Population Standard Deviation vs. Sample Standard Deviation
The distinction between population standard deviation and sample standard deviation is crucial in statistics and finance, primarily stemming from whether all or only a subset of data points are available.
Feature | Population Standard Deviation ($\sigma$) | Sample Standard Deviation ($s$) |
---|---|---|
Data Scope | Measures dispersion for the entire population. | Estimates dispersion for a population based on a subset (sample). |
Formula Denominator | Divides by $N$ (total number of data points in the population). | Divides by $n-1$ (where $n$ is the sample size), known as Bessel's correction. |
Purpose | Provides an exact measure of variability for a known, complete dataset. | Provides an unbiased estimate of the population standard deviation when the full population is unknown. |
Use Case | When every data point of interest is available (e.g., all trades in a specific, closed portfolio). | When analyzing a subset of data to infer characteristics of a larger, unknown population (e.g., historical stock returns to predict future volatility). |
The use of $n-1$ in the sample standard deviation formula, known as Bessel's correction, accounts for the fact that a sample mean is typically closer to the sample data points than the true population mean would be. This correction ensures that the sample standard deviation is a more accurate and unbiased estimator of the true population standard deviation.
FAQs
Why is it called "population" standard deviation?
It is called "population" standard deviation because it is calculated using every single data point from the entire group, or "population," that you are interested in studying. It assumes you have complete knowledge of all relevant observations.
How does population standard deviation relate to risk?
In finance, population standard deviation is a common proxy for risk. A higher population standard deviation for an investment's returns typically means its value has fluctuated more significantly around its average, indicating higher volatility and therefore higher perceived risk.

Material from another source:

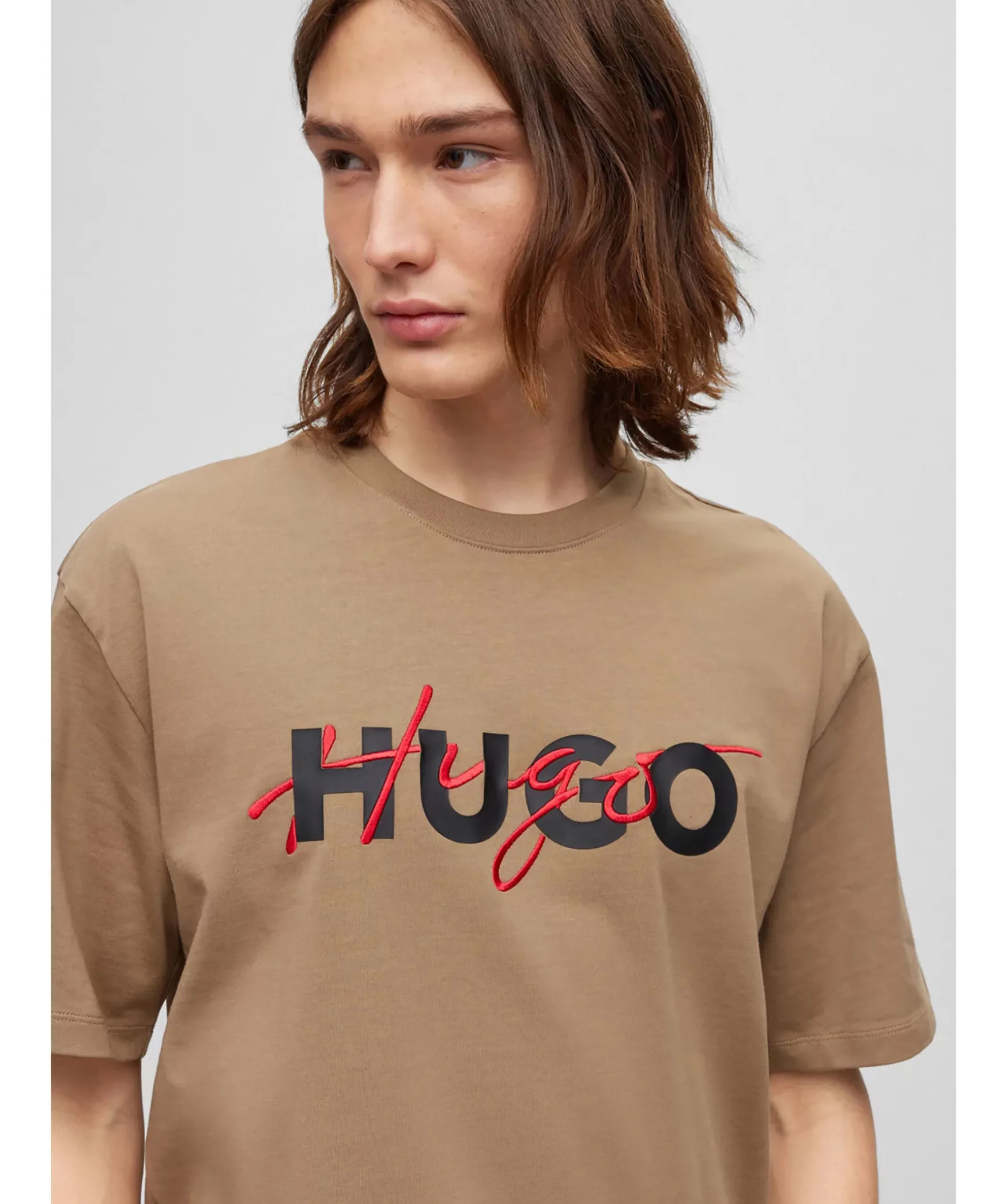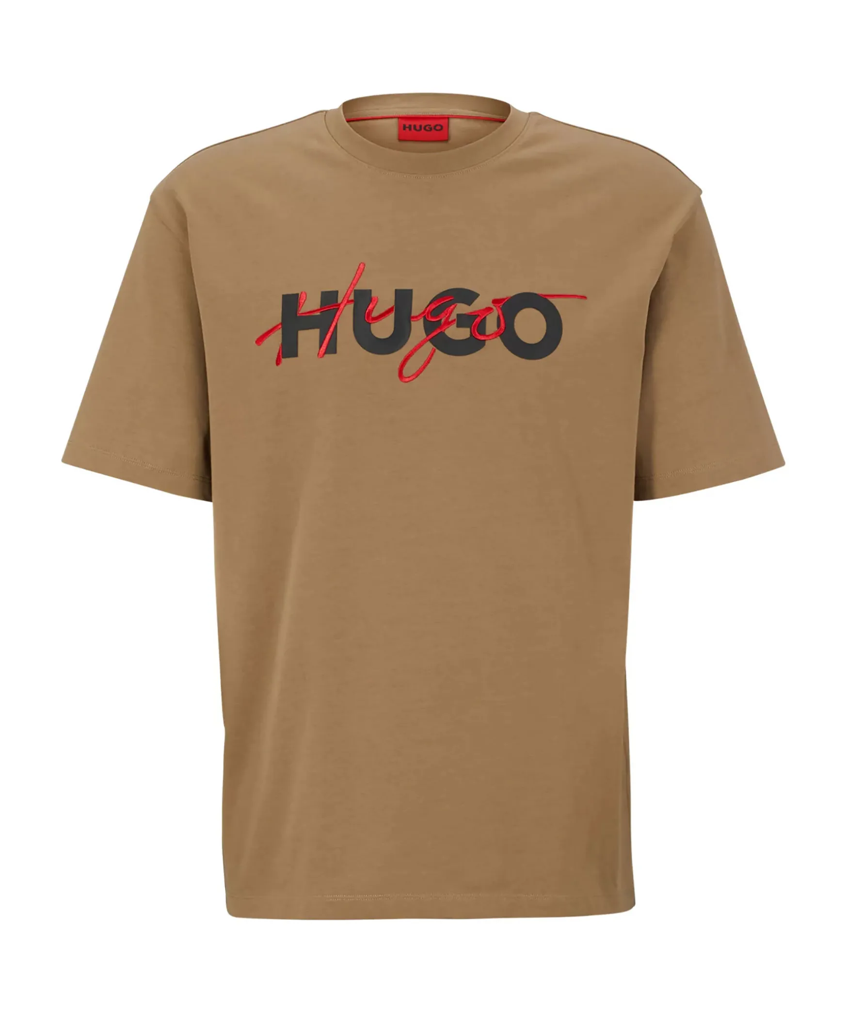 Khakifargad T-Shirt I Avslappnad Passform Fran Hugo Menswear. Tillverkad I Kraftig Jersey Med Dubbel Logotyp I Vitt Och Rott Pa Framsidan. Genom Att Kopa Denna Produkt Bidrar Du Till Att Skydda Miljon Och Hallbar Bomullsodling I Afrika. Cmia-Markta Produkter Hjalper Till Att Forbattra Levnads- Och Arbetsvillkoren For Afrikanska Bomullsbonder Och Bevara Naturen.

Can population standard deviation be negative?
No, standard deviation, whether population or sample, can never be negative. It is calculated as the square root of the variance, and variance is always a non-negative value (a sum of squared differences). A standard deviation of zero means all data points in the population are identical to the mean, indicating no dispersion.

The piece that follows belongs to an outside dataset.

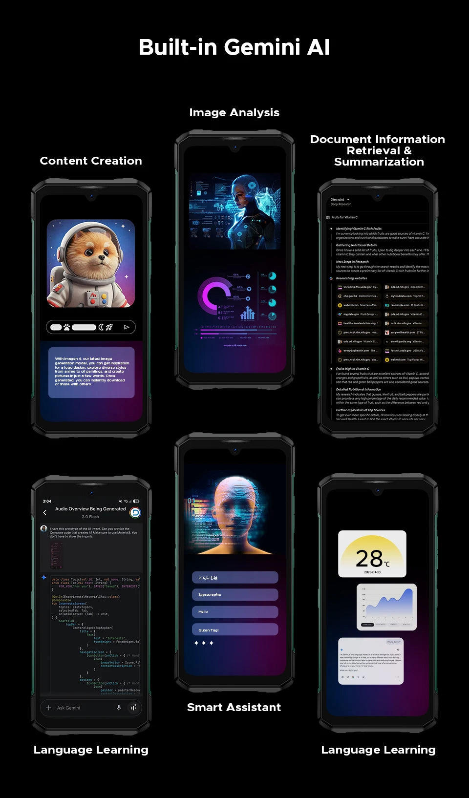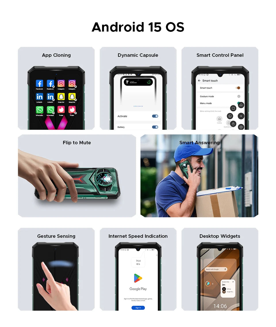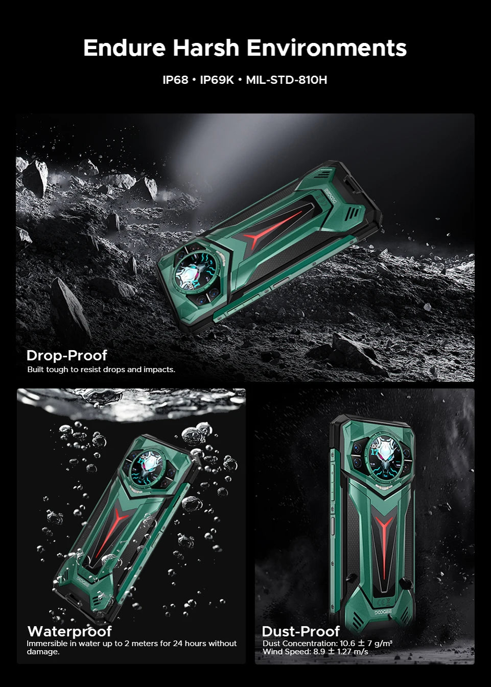 Teléfono resistente DOOGEE S200 Ultra 5G con IA, 48 GB + 1 TB, pantalla trasera de 1,34" con efecto de luz, procesador Dimensity 7400, batería de 11000 mAh, carga rápida de 66 W, NFC, WiFi 6E.

Is population standard deviation used in everyday finance?
While the underlying concept of deviation from an average is common, analysts often work with sample standard deviation for publicly traded assets because obtaining the entire "population" of future returns is impossible. However, for closed, defined data sets (like all past transactions in a proprietary trading system or the full list of fixed assets in a company's ledger), the population standard deviation is directly applicable in quantitative analysis.

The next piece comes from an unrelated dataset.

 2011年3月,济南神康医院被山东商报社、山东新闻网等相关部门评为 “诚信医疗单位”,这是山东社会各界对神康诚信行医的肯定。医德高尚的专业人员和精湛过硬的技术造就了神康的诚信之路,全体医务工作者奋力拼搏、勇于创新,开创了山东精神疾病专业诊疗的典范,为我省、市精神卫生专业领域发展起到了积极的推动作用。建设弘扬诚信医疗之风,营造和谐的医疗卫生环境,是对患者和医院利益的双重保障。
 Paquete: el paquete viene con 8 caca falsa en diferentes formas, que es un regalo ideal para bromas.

What is a "good" or "bad" population standard deviation?
There isn't a universally "good" or "bad" population standard deviation; its interpretation depends entirely on the context. In investments, a higher standard deviation means higher volatility, which can be undesirable for risk-averse investors but might be acceptable for those seeking potentially higher returns. The desirability of a given standard deviation depends on an investor's risk tolerance and investment objectives.